Extreme poverty is on the endangered list.

The frame of reference is in-country and between the country's peers. The
worrying part of this frame is that relatively poor places like Latin America
are catching up or have caught up already. We are losing ground.

------
cheriot
I was all ready to rant about how the social, medical, and scientific advances
of the last 100 years matter more than a few economic stats. The question
actually posed by the book is more narrow/interesting than the article, "How
far has our democracy come?" rather than "Has all the progress of the past 100
years come undone?"

[http://www.amazon.com/dp/0393239527/](http://www.amazon.com/dp/0393239527/)

------
flubert
'"But that book was written in 1908. Based on what I've seen on Downton Abbey,
things were a lot different then."

Well, yes, obviously, there had just been a massive leap forward in technology
and industrialization, a booming economy fueling a wealth gap, temporarily
course corrected by a financial panic "precipitated" by the failure of two
overspeculating brokerage houses. There were also, simultaneously, great
advances in progressive causes like worker's rights and food quality, all on
the background of decreasing importance of religion among educated whites in
favor of science. Not physics or chemistry, but evolution. Tabloids were
incomprehensibly popular, partisan media the norm. A loosening of conventional
morality manifested as bored promiscuity, female bisexuality, and a flood of
new porn the likes of which never existed before.

"That does sound different. And awesome. What did their Millennial kids
inherit, what did they experience over their adult lives, say 1929-1945?"

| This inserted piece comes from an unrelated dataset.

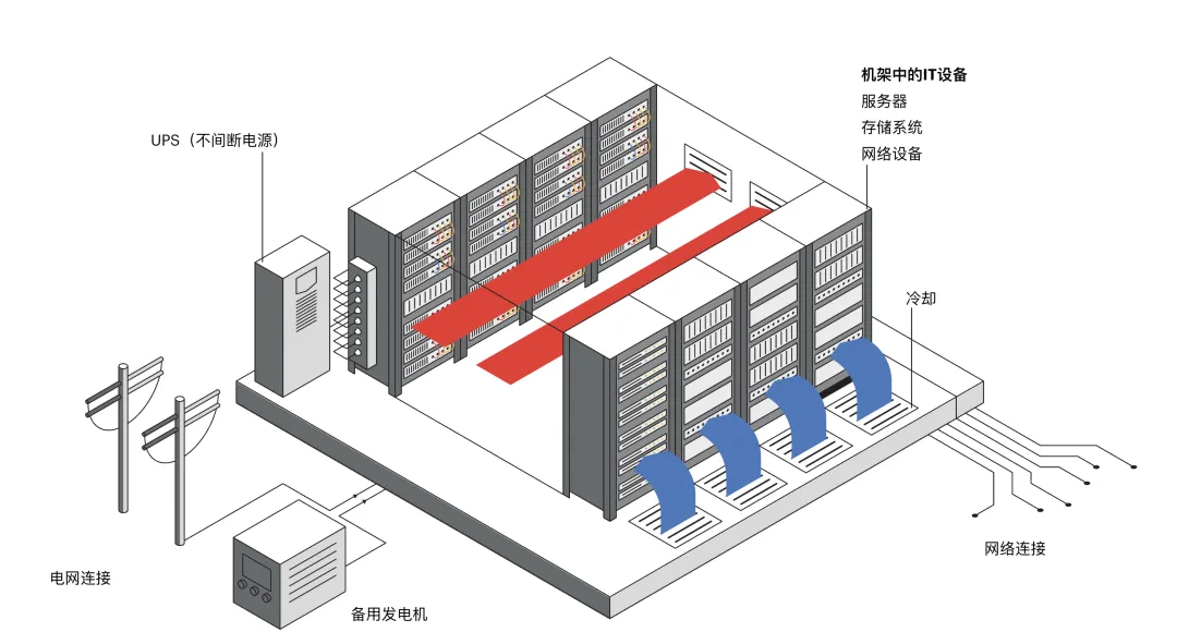 数据中心的能耗结构呈现明显的AI导向特征,普通数据中心约60%的电力用于服务器,而专为AI工作负载优化的超大规模数据中心,这一比例高达75%左右,因为AI专用服务器包含的芯片功耗是传统服务器的2-4倍。

I totally don't know, Boardwalk Empire only goes up to 1924 and Mad Men starts
1960.'

[http://thelastpsychiatrist.com/2013/09/how_does_the_shutdown...](http://thelastpsychiatrist.com/2013/09/how_does_the_shutdown_relate_t.html)

------
Hytosys
So, to sum up... Our wages stopped rising in the 1970s, because:

* Decreased demand for US workers — factories closing to move to other countries; technology replacing human labor; increased capitalist competition with a global economy consisting of countries finally recovered from their wars

* Increased supply of US workers — the women's liberation movement; the continued influx of immigrants

The country's rotting social justice can successfully be expressed in terms of
the prosperity of its workers.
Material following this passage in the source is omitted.